## Input data
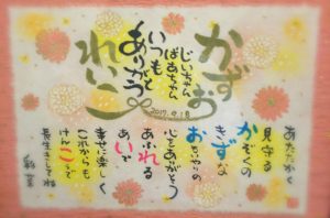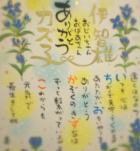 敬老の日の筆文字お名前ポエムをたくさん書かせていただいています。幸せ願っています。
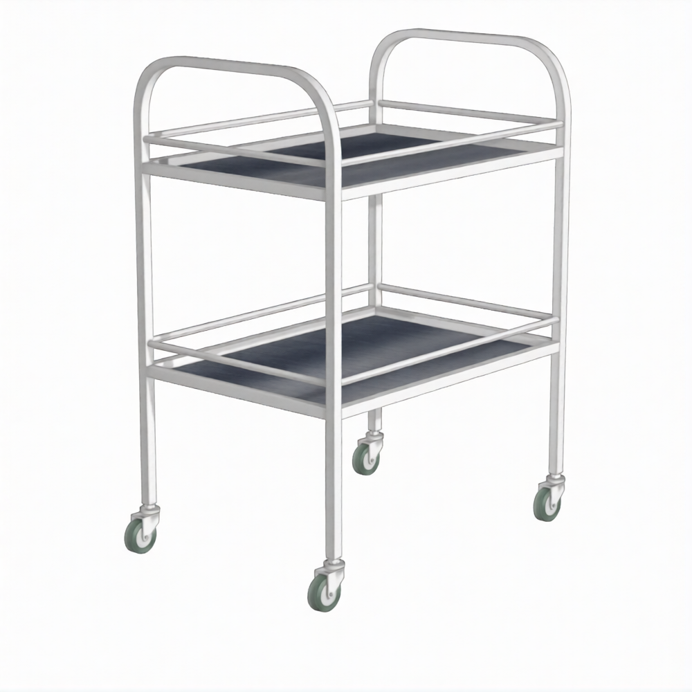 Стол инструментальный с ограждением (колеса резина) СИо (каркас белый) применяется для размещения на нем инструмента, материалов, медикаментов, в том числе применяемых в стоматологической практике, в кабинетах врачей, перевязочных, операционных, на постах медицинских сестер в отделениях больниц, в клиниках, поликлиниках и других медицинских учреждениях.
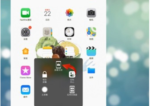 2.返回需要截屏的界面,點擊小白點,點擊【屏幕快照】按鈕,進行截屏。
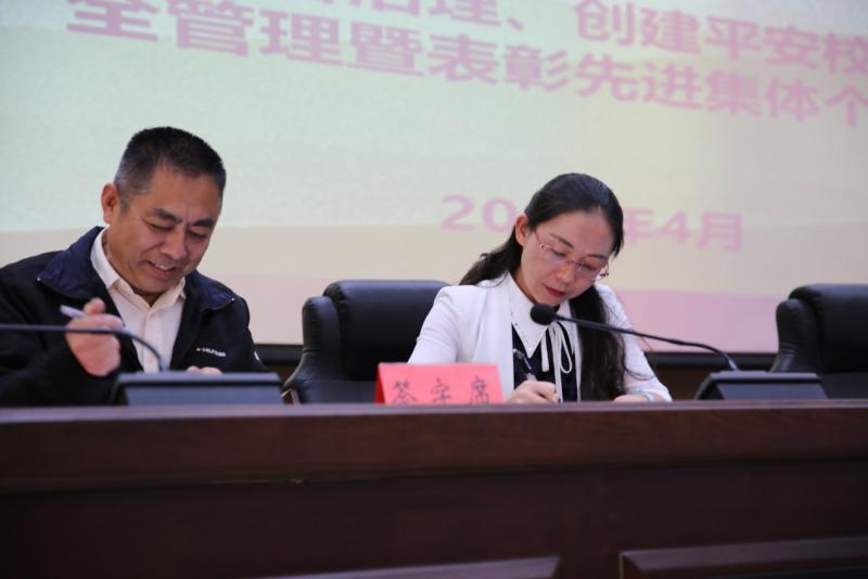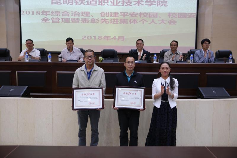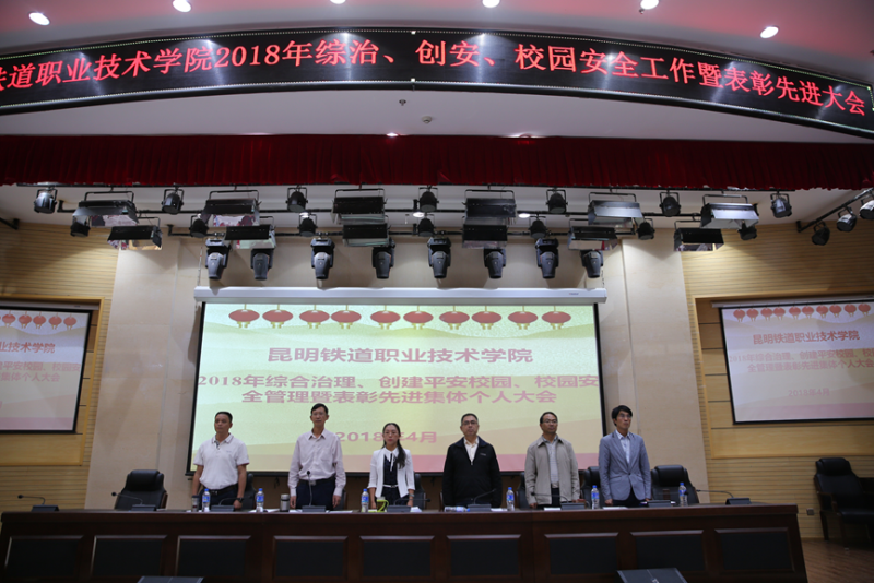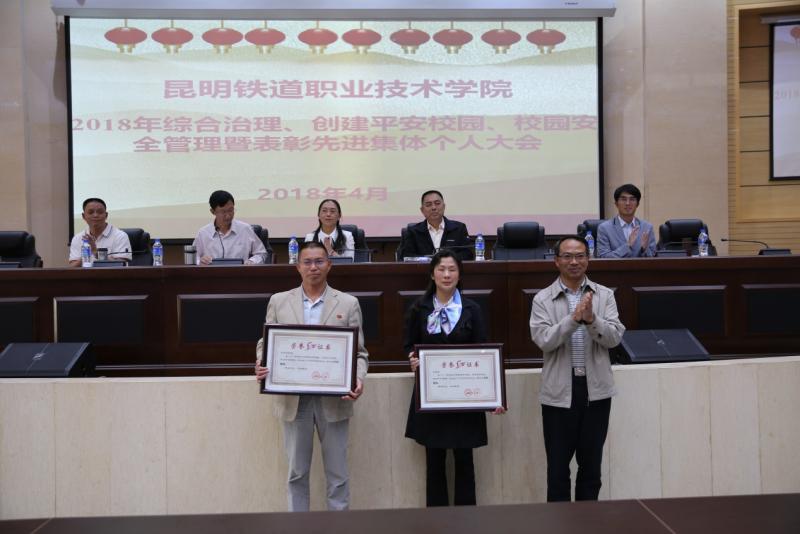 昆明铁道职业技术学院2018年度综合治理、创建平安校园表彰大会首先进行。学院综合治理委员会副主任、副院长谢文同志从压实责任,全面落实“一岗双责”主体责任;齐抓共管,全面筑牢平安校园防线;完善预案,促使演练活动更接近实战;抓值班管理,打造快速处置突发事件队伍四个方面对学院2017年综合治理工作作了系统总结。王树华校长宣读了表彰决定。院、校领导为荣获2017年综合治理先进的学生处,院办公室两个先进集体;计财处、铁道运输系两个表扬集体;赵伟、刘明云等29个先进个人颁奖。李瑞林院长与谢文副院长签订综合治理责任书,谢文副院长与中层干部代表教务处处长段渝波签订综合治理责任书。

## Directions
Could you output the listing word for word, omitting every picture?

## Task answer
 敬老の日の筆文字お名前ポエムをたくさん書かせていただいています。幸せ願っています。
 Стол инструментальный с ограждением (колеса резина) СИо (каркас белый) применяется для размещения на нем инструмента, материалов, медикаментов, в том числе применяемых в стоматологической практике, в кабинетах врачей, перевязочных, операционных, на постах медицинских сестер в отделениях больниц, в клиниках, поликлиниках и других медицинских учреждениях.
 2.返回需要截屏的界面,點擊小白點,點擊【屏幕快照】按鈕,進行截屏。
 昆明铁道职业技术学院2018年度综合治理、创建平安校园表彰大会首先进行。学院综合治理委员会副主任、副院长谢文同志从压实责任,全面落实“一岗双责”主体责任;齐抓共管,全面筑牢平安校园防线;完善预案,促使演练活动更接近实战;抓值班管理,打造快速处置突发事件队伍四个方面对学院2017年综合治理工作作了系统总结。王树华校长宣读了表彰决定。院、校领导为荣获2017年综合治理先进的学生处,院办公室两个先进集体;计财处、铁道运输系两个表扬集体;赵伟、刘明云等29个先进个人颁奖。李瑞林院长与谢文副院长签订综合治理责任书,谢文副院长与中层干部代表教务处处长段渝波签订综合治理责任书。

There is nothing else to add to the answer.